• _EXERCISE_:
Every line from the start of the entries up to and including the one bearing "品名型號:EVB-398專用PP濾芯EVB-398PP" must be printed verbatim, without the pictures.

--- WORKING DATA ---

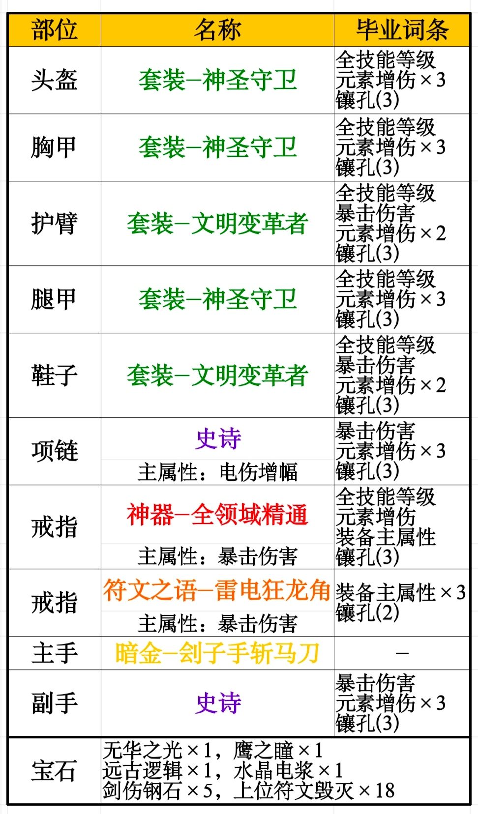 防具:神圣守卫3件套对核心技能雷域加成巨大,另外两件选择文明变革者护臂和鞋子。
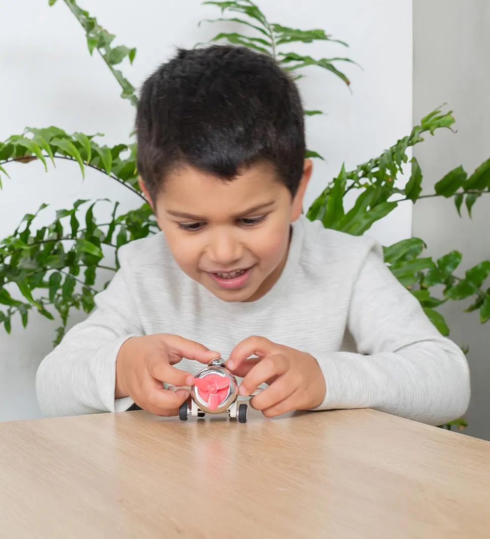 Flot Tiger Tribe flyvemaskine i creme med detaljer i sølv og flerfarvet stribemønster. Flyvemaskinen “Drifter” kan køre (ikke flyve), når man trykker piloten på hovedet, og bruger ikke batteri.
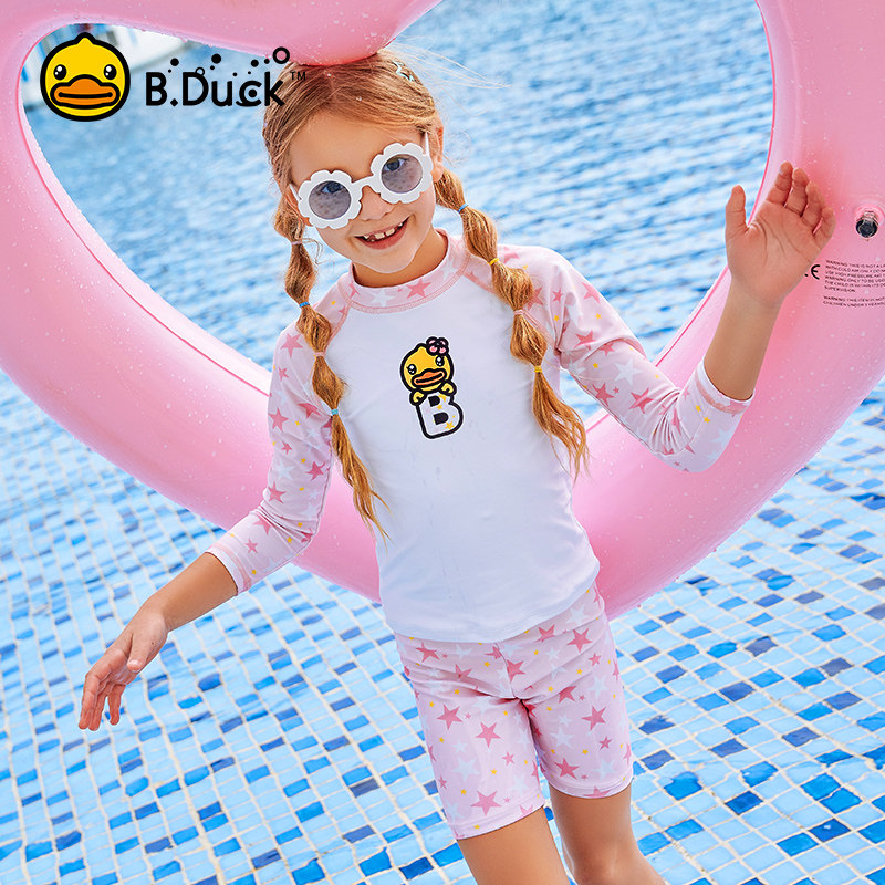 【清仓款】B.Duck小黄鸭女童游泳衣儿童分体长袖小女孩宝宝中大童
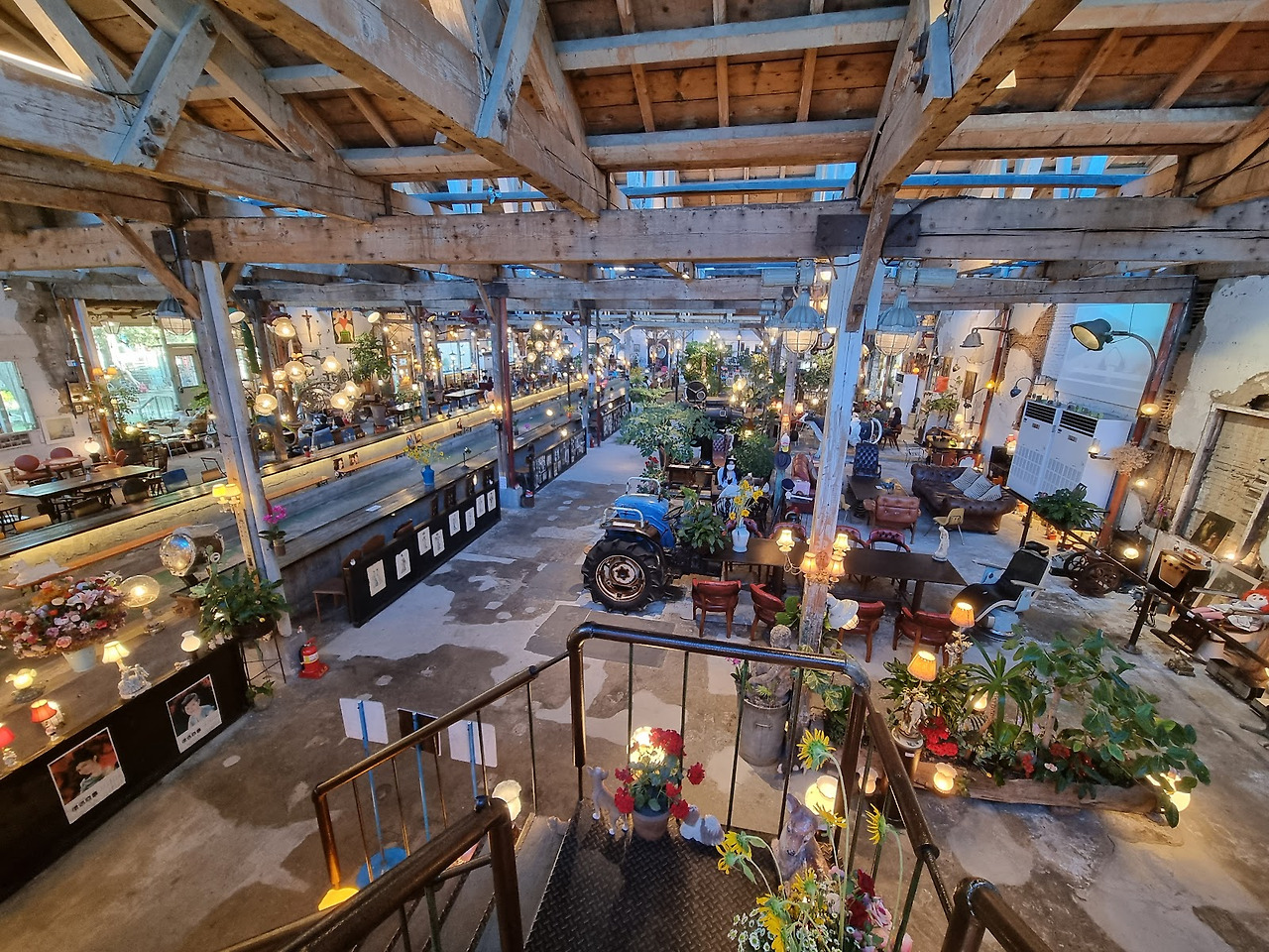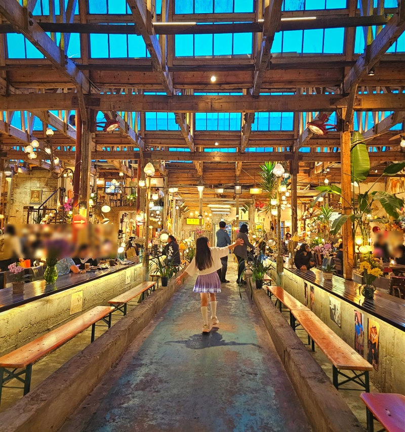 조양 방직 내부는 넓고 아늑한 분위기로, 다양한 식물과 조명이 어우러져 따뜻한 느낌을 줍니다. 이곳에서는 친구들과의 소중한 시간을 보내거나, 가족과 함께 여유로운 시간을 즐기기에 적합합니다.
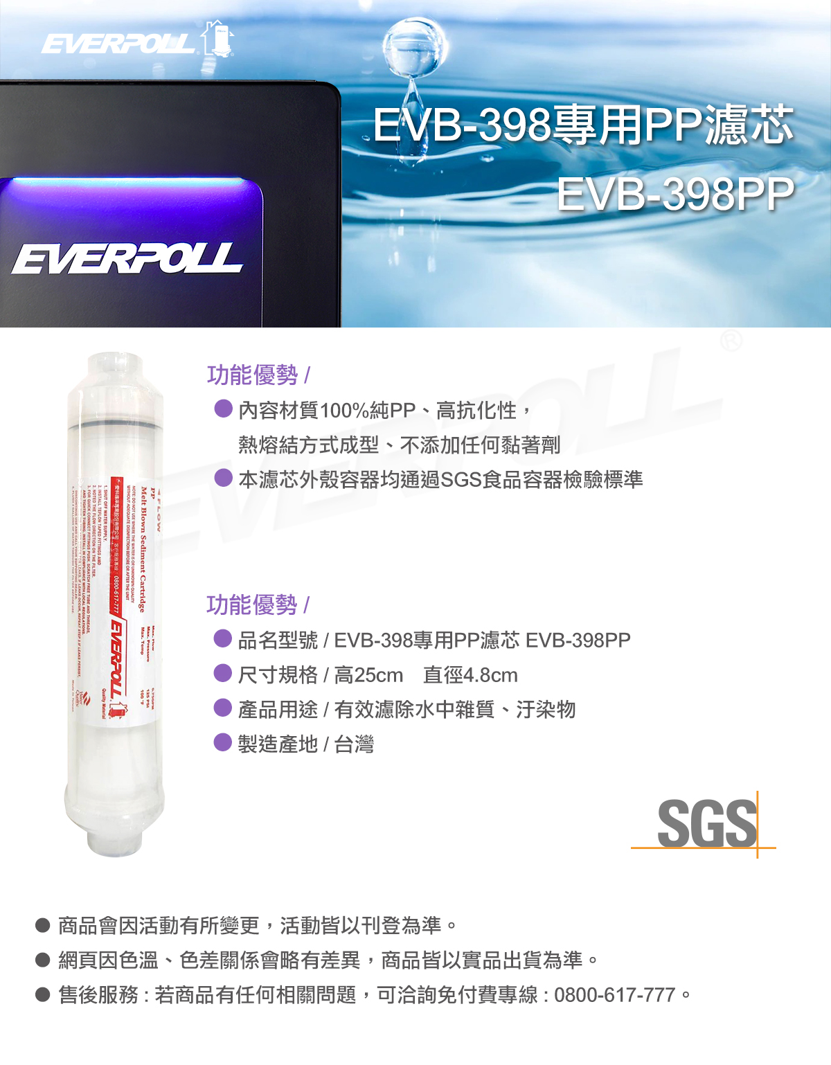 品名型號:EVB-398專用PP濾芯EVB-398PP
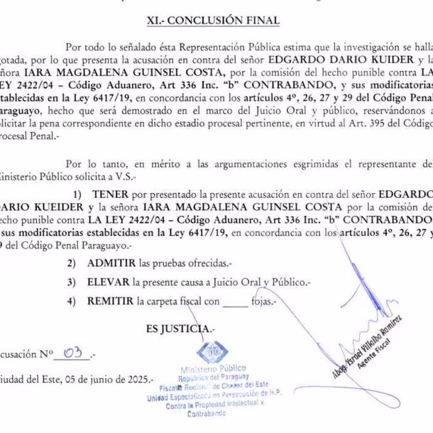 La imputación llegó al cumplirse exactamente seis meses de su arresto, ocurrido cuando intentó cruzar desde Brasil a territorio paraguayo transportando 211 mil dólares estadounidenses sin declarar, lo que derivó en una causa penal que ahora deberá resolverse en juicio oral.

---

• _PROBLEM SOLUTION_:
 防具:神圣守卫3件套对核心技能雷域加成巨大,另外两件选择文明变革者护臂和鞋子。
 Flot Tiger Tribe flyvemaskine i creme med detaljer i sølv og flerfarvet stribemønster. Flyvemaskinen “Drifter” kan køre (ikke flyve), når man trykker piloten på hovedet, og bruger ikke batteri.
 【清仓款】B.Duck小黄鸭女童游泳衣儿童分体长袖小女孩宝宝中大童
 조양 방직 내부는 넓고 아늑한 분위기로, 다양한 식물과 조명이 어우러져 따뜻한 느낌을 줍니다. 이곳에서는 친구들과의 소중한 시간을 보내거나, 가족과 함께 여유로운 시간을 즐기기에 적합합니다.
 品名型號:EVB-398專用PP濾芯EVB-398PP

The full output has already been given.